Re: [RFC][PATCH 1/6] memcg: fix pre_destory handler

From: KAMEZAWA Hiroyuki
Date: Thu Dec 11 2008 - 07:44:34 EST


On Wed, 10 Dec 2008 16:24:44 -0800
Paul Menage <menage@xxxxxxxxxx> wrote:

> On Wed, Dec 10, 2008 at 4:21 PM, KAMEZAWA Hiroyuki
> <kamezawa.hiroyu@xxxxxxxxxxxxxx> wrote:
> > If per-css, looking up function will be
> > ==
> > struct cgroup_subsys_state *cgroup_css_lookup(subsys_id, id)
> > ==
> > Do you mean this ?
>
> Yes, plausibly. And we can presumably have a separate idr per subsystem.
>

this is my temporal patch. this look and interface is ok ?
(still under test)
==

From: KAMEZAWA Hiroyuki <kamezawa.hiroyu@xxxxxxxxxxxxxx>

Patch for Per-CSS ID and private hierarchy code.

This patch tries to assign a ID to each css. Attach unique ID to each
css and provides following functions.

- css_lookup(subsys, id)
returns struct cgroup of id.
- css_get_next(subsys, id, rootid, depth, foundid)
returns the next cgroup under "root" by scanning bitmap (not by tree-walk)

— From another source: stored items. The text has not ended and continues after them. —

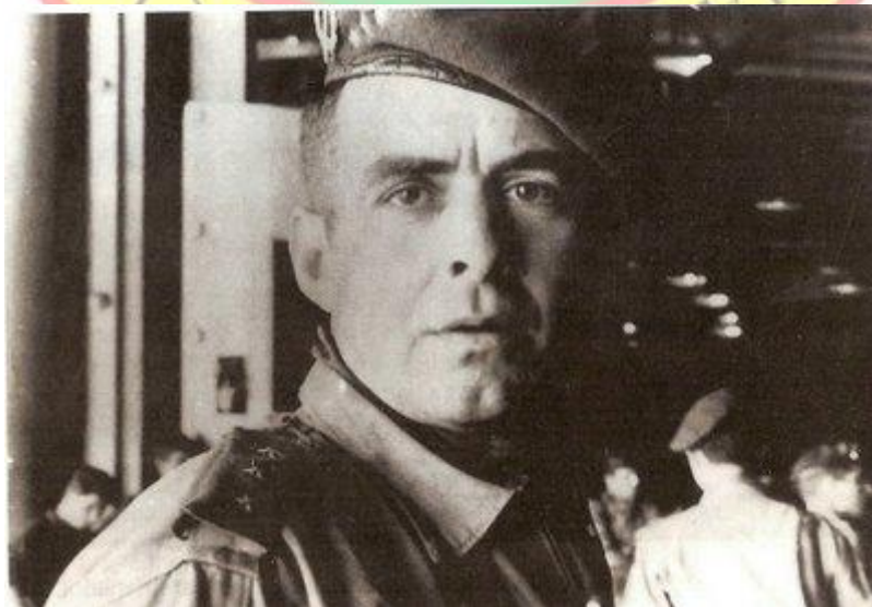
Esta foto ha dado la vuelta al mundo en ochenta revistas del tema militar.

Como los hados del destino debían tener ya previsto, perdí ese momento estelar del que meses más tarde sería el fundador de la Unidad de Operaciones Especiales de la Infantería de Marina. Eso sí, el salto fue de película, según me contaron. Clavadito en el punto fijo y de pie, como él se había programado así mismo. Precisión que siguió fomentando a lo largo de los veintiséis años que estuvo revalidando esa especialidad de paracaidismo. ¿Suponía algo que la columna sufriese consecuencias negativas? ¿Suponía algo que, pasados los años tuviera que someterse a una durísima operación de una fractura en el pie nunca antes detectada? Nada, como en otras muchas ocasiones, nada era comparable a la consecución de sus objetivos. Y la secuencia del salto, como si el episodio de mi pequeño no hubiera sucedido, llegué a contemplarla a la perfección, a través de su intenso relato, pleno de sensaciones, precisión, sentimientos y temores... Porque sí, la emoción de un salto en paracaídas no sería completa si no llevase también aparejada esa otra del ineludible temor.
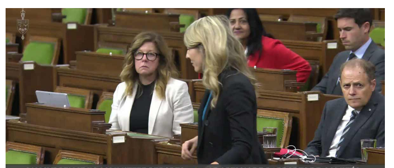
CONCURRENCE IN COMMITTEE REPORTS | ADOPTION DE RAPPORTS DE COMITÉS

Գանատայի արտաքին գործոց նախարար Մելանի Ժոլի Գանատայի խորհրդարանին մէջ Արցախի մէջ ստեղծուած կացութեան հարցով լսումներու ընթացքին չէ բացառած Ատրպէյճանի դէմ պատժամիջոցներ կիրարկելու կարելիութիւնը:
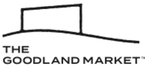
THE GOODLAND MARKET 株式会社URBAN RESEARCH

▶SDGsにちなんで、過去のアーカイブ商品を景品としたロボット金魚すくいを実施。
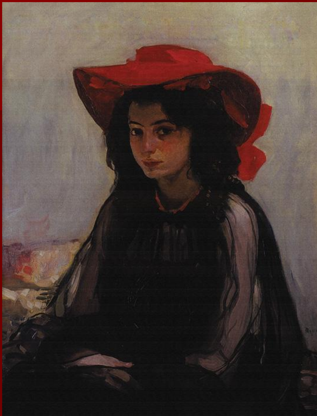
«Девушка в красной шляпе»
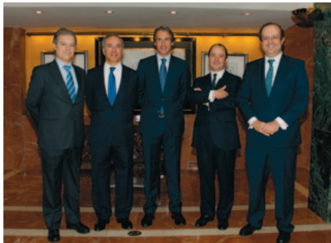
El Presidente de la FEMP junto a los patrocinadores del evento.

Finalmente, De la Serna destacó la enorme capacidad de las Entidades Locales para generar actividad económica, empleo y desarrollo, y apostó por la innovación, por la incorporación de
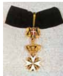
Insegne del Sovrano Militare Ordine di Malta

Quanto detto riguardo «al merito» vale anche per alcuni ordini dinastico-familiari, quali: l' Ordine al Merito sotto il Titolo di San Giuseppe della Casa Asburgo-Lorena e l' Ordine sotto il Titolo di San Ludovico della Casa Borbone-Parma .
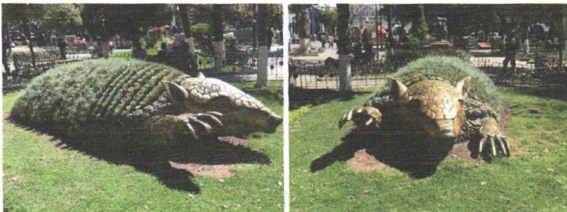
EL QUIRQUINCHO SÍMBOLO EMBLEMÁTICO DEL ORUREÑO

El Quirquincho Andino es el único que ha logrado adaptarse a la vida en la altura boliviana, su rango de distribución es estrictamente alto andina, habitando en áreas abiertas con condiciones arenosas y semi desérticas. El altiplano Boliviano se constituye como localidad tipo de esta especie, razón por la cual este animalito es considerado símbolo emblemático del Departamento de Oruro.
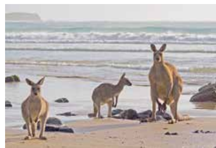
(左)豊かな自然に恵まれたコフスハーバーの市街地(上)野生のカンガルーに会える絶景のエメラルドビーチ

佐世保は私にとって特別なまちです。前回は初めての日本訪問だったのですが、佐世保を通じ、多くの日本文化を学ぶことができました。
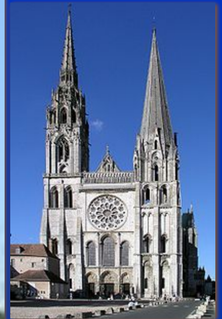
Шартрский собор (Франция)
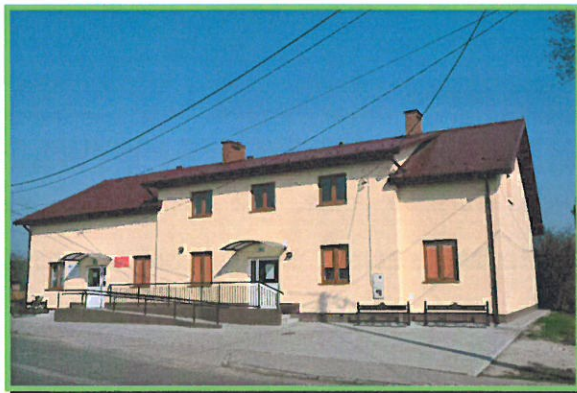
Dom Ludowy w Jaślanach.
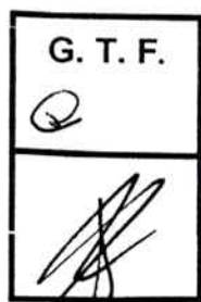
Dn. VICENTE FILOSA Ministro de Coordinación de Gabinete
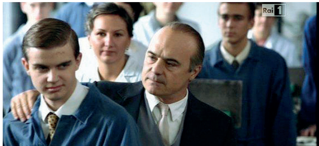
Luca Zingaretti (al centro della foto) nei panni di Adriano Olivetti nel film tv di Rai 1

Nella seconda e ultima puntata del film dedicato all'imprenditore di Ivrea, la nascita della fabbrica flegrea
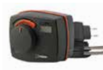
CRA141 230 V CA

17053100 _____ CRA911 Sonda de tubería de caudal, cable de 5 m

When cgrou_subsys->use_id is set, id field for css is maintained.
kernel/cgroup.c just parepare
- css_id of root css for subsys
- alloc/free id functions.
So, each subsys should allocate ID in attach() callback if necessary.

There is several reasons to develop this.

- While trying to implement hierarchy in memory cgroup, we have to
implement "walk under hierarchy" code.
Now it's consists of cgroup_lock and tree up-down code. Because
Because memory cgroup have to do hierarchy walk in other places,
intelligent processing, we'll reuse the "walk" code.
But taking "cgroup_lock" in walking tree can cause deadlocks.
Easier way is helpful.

- SwapCgroup uses array of "pointer" to record the owner of swaps.
By ID, we can reduce this to "short" or "int". This means ID is
useful for reducing space consumption by pointer if the access cost
is not problem.
(I hear bio-cgroup will use the same kind of...)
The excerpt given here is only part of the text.